* Assignment *
Below are some records. Write out exactly their lines from the one with "要是对网络安全方向感兴趣,可以看《Python 灰帽子》和《Python 黑帽子》,这两本书的作者是知名安全专家" through the one with "Сверло по металлу", and leave the pictures behind.

* Records for this exercise *
==*==

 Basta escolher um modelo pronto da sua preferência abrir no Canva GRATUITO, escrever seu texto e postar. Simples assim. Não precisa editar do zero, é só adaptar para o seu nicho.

==*==

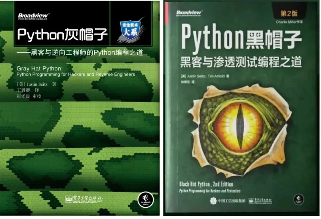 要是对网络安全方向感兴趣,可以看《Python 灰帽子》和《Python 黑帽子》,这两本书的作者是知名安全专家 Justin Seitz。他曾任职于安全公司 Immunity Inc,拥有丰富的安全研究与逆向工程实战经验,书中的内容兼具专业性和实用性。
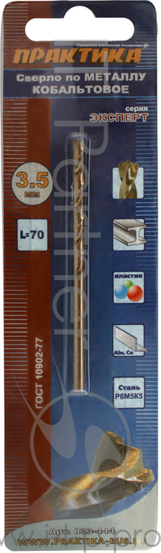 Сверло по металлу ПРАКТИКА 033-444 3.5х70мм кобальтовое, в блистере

==*==

* Reply to the exercise *
 要是对网络安全方向感兴趣,可以看《Python 灰帽子》和《Python 黑帽子》,这两本书的作者是知名安全专家 Justin Seitz。他曾任职于安全公司 Immunity Inc,拥有丰富的安全研究与逆向工程实战经验,书中的内容兼具专业性和实用性。
 Сверло по металлу ПРАКТИКА 033-444 3.5х70мм кобальтовое, в блистере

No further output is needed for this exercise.